Calling has long-standing roots in theistic spiritual traditions, often associated with being ‘called by God’ to a certain way of life or to a specific course of action. Existential psychologists have commented on how sometimes it feels like a situation is calling for its own response from us. In both cases, the source of the calling is attributed to someone or something beyond us. It’s a phenomenon that can feel like an evocative pull, tugging at something deep within us.
I’ve experienced this many times since becoming a Christian, a strange intuition that feels beyond me, prompting or leading me in a certain direction. Sometimes it seems very clear or inspiring, at others it’s more of a vague notion, a restlessness that compels me to move or change. I’ve often experienced it in coaching relationships too, an almost irresistible impulse to speak or act that feels like revelation, an energising compulsion from the situation itself.
It’s not magic, something I can make happen, something I can manufacture for myself. It’s sometimes unexpected, sometimes challenging and sometimes involves scary risk-taking. It’s not definitive either, something I can measure, test or prove in a lab. This can make the experience of calling feel mysterious, sometimes spiritual, a step in faith in response to a curious, invisible stimulus. It’s as if something ‘out there’ connects with something ‘in here’, setting up a dynamic resonance.
So how to apply this in leadership and coaching? How to listen for and discern calling in the midst of so many other tasks and preoccupations that clamour for our attention? How to weigh up calling in order to act wisely? In my experience, there is no simple formula. It’s mostly about learning to be still, to live with awareness, to tune into my intuition, to be sensitive to prompts from the situation itself, to experiment and see what happens, to be open to God in prayer.
I wish I could say I always follow this call. Sometimes I'm sceptical, sometimes I pull back for fear of embarrassment or failure. Nevertheless, I've seen and felt amazing things happen when I do listen and act. I would love to hear from others on this topic of calling. When have you felt called? What was the situation?
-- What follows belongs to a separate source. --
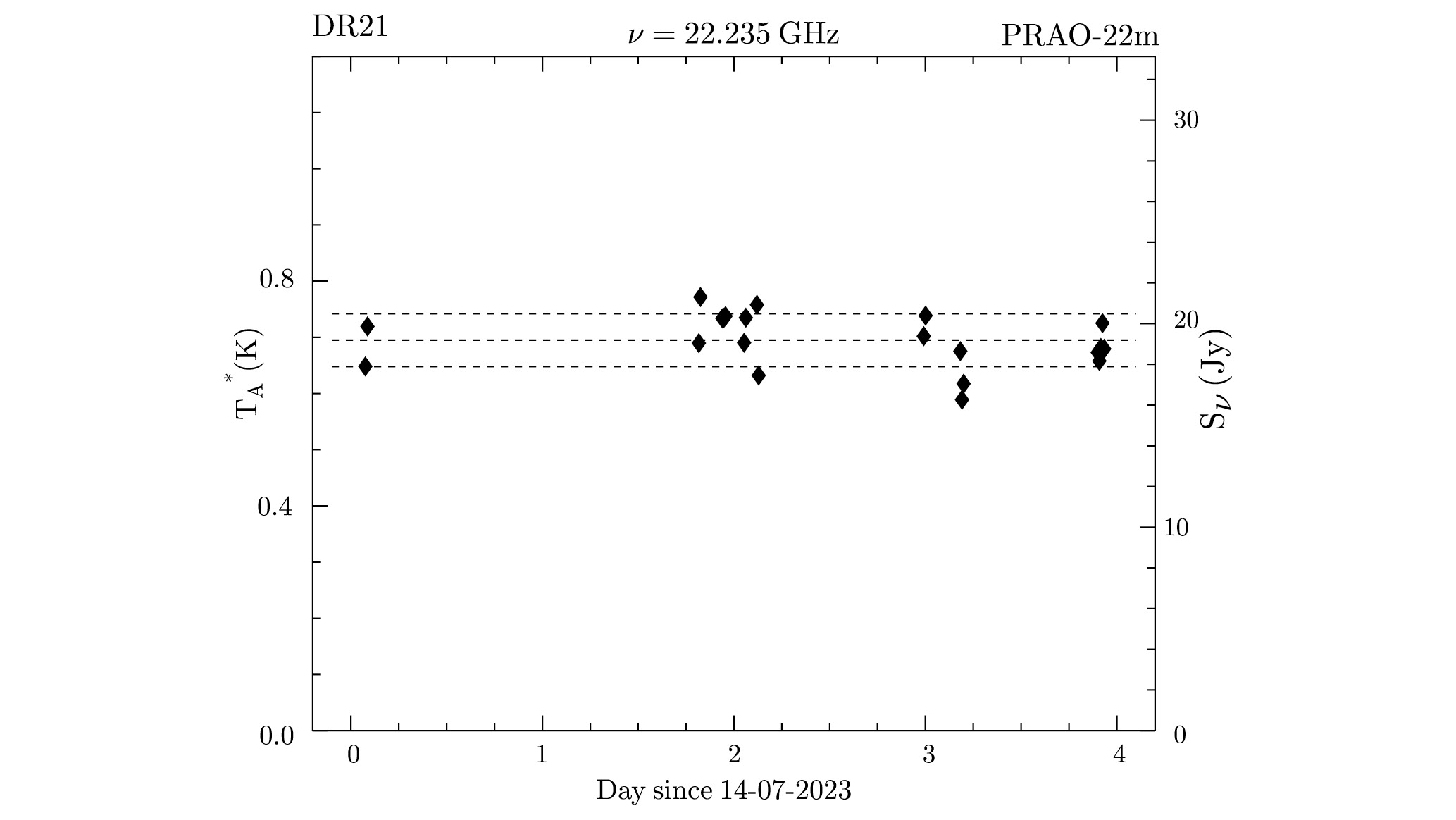 Рис. 1. Результат измерений в непрерывном спектре DR21 на частоте 22.231 ГГц. Значения TA* в полосе 12.5 МГц приведены за вычетом мазерной линии от DR21OH (см. пояснения в тексте). Пунктирными линиями показаны средневзвешенное значение и величины, отстоящие от среднего в обе стороны на стандартное отклонение единичного измерения. Шкала справа приведена в предположении, что спектральная мощность излучения DR21 на данной частоте равна 19.2 Ян.

What did the experience of calling feel like? What did you attribute the calling to? How did you act in response? What happened as a result?
‘For millennia, humanity has turned to myth and religion to answer our most profound questions, but in this new TV series, professor X uses science to explain…’ A provocative advert for a new cosmology show. The presenter is a talented physicist and gifted communicator and it does make compelling viewing. The thing that struck me most however was the writer's unquestioning confidence in the ability of science per se (a) to explain ‘our most profound questions’ and (b) to supersede alternative explanations.
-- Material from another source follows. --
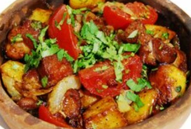 Свиная шейка, картошка, лук, помидоры, кинза, чеснок, соль, уцхо-сунели, масло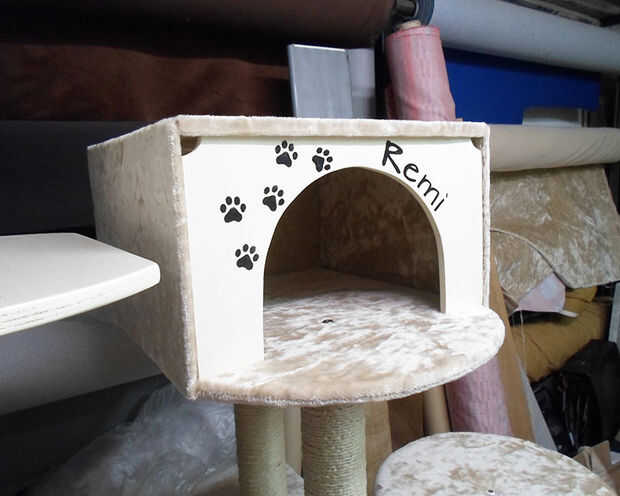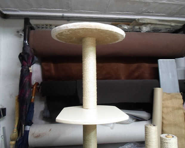 Hacer agujeros en las 2 muestras usando un taladro, ponga el gato en las varillas de la casa otra vez y fijar el conjunto con 2 tornillos en los agujeros.

This claim begs all sorts of important questions. For example, what are the most profound questions in life and what are the limits of the explanatory power of science? By curious coincidence, on the same day as reading this magazine advert, I also read a paper on Gestalt therapy by the late Ernest Becker, international lecturer in psychology, sociology and anthropology. In it, he posed a stark challenge to psychological therapies based on existential questions they cannot hope or begin to address.
‘We have this existential dilemma in the back of everything we do: this terrible anxiety about who we are and what we’re doing on this planet, what it means to have our name and our face; we keep running to the mirror to look at that face – we don’t really know who the person is…so we run back and take a pill or a drink, or we read a book, or we make love or call our mother long-distance or something. We don’t know what we’re doing here, and this is a source of great anxiety for us.’
He goes on. ‘We don’t know how we came to be here. Where do babies some from? ‘Sperm and egg’ I can hear you say. But it’s not an answer at all. We don’t know where babies come from. You get married, you’re sitting at table having breakfast – there are two of you – and a year later there’s somebody else sitting there. They just came literally out of nowhere and they keep growing in your environment. If you’re honest with yourself, you don’t know where they came from. It’s a total mystery.’
I find Becker's challenge refreshing and inspiring, his refusal to allow the totality of reality and meaning in human experience to be reduced to that which can be measured empirically. He challenged the notion that psychological explanations alone can be sufficient to address pressing and persistent questions about human origin, identity, meaning and purpose. Cosmology too explains many interesting and valuable things about the universe, but these are essentially spiritual questions that lie outside its scope.